5.2 In accordance with the Association’s Volunteer Policy, volunteers of the Association will not be permitted to undertake volunteer work that would place them in contact with children until such time as the volunteer has undergone a satisfactory police check. It is also the policy of the Association that there will be no one-on-one contact between a child and a member or volunteer of the Association.

6 Obligation to report abuse: Immediately report concerns or allegations of child abuse and sex tourism in accordance with appropriate procedures.

6.1 The Association is aware that it has an obligation to report incidents of abuse and suspected sex tourism involving children. It is the Association’s policy that should one of its workers witness an incident of child abuse or suspect child sex tourism is occurring, that person must immediately report the incident to the nearest police.

6.2 A written report must be submitted to the Association’s Management Committee and the police and must include details such as the date of the incident, nature of the incident, location of the incident, contact details for the victim and contact details of the witnessing member/staff/volunteer/professional.

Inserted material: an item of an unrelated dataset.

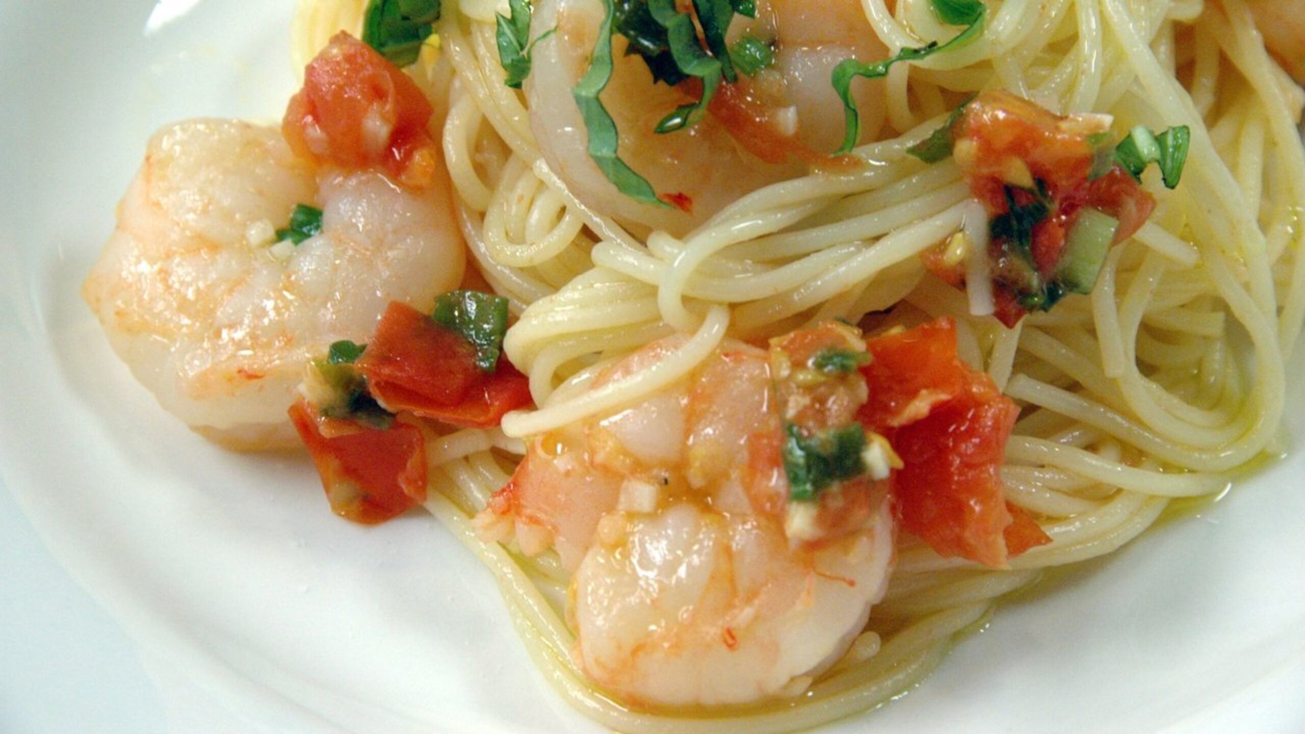 Note: This recipe calls for 7 ounces of dried pasta but we felt it was a bit too much for an appetizer and the amount of sauce; therefore, we recommend using 5 or 6 ounces of dried pasta. Angel hair pasta is also known as cappellini or spaghettini.

6.3 The Association recognises the right to privacy of the victims and the details of any written report will be kept confidential by the Management Committee in accordance with the requirements of applicable legislation.

7 Protection of the rights of children to access services and principle of client respect

7.1 A final consideration in terms of preventing abuse of children and promoting the well being of children is the principle of equality of access to hearing services and client respect. The Association’s services are open to all children irrespective of gender, caste, ethnicity, disability, and location (as far as resources allow). Children are treated with utmost respect, for example, explanations of procedures (such as ear cleaning, treatment with drops) are explained to them in their own language. Public radio is used to advertise the rural primary ear care clinics ahead of time in Nepali and local languages, providing background information and the nature of the hearing assessment. Parents or guardians and/or teachers accompany children to and from the clinics and are present during assessment.

7.2 The program seeks to provide services in hard to reach, remote areas where few if any services are available, making the service accessible to children and adults in subsistence farming families, in poor rural areas.

7.3 As an overall strategy to promote the best interests of, and minimise harm to children and adults involved in The Association’s services, all of the Association’s practices conform to the following standards of the Professional Standards of Practice for Audiologists (http://www.audiology.asn.au/standards.htm)
1. Keep paramount the welfare of clients/patients served in all practice decisions and actions.
2. Identify the procedures performed by Audiologists.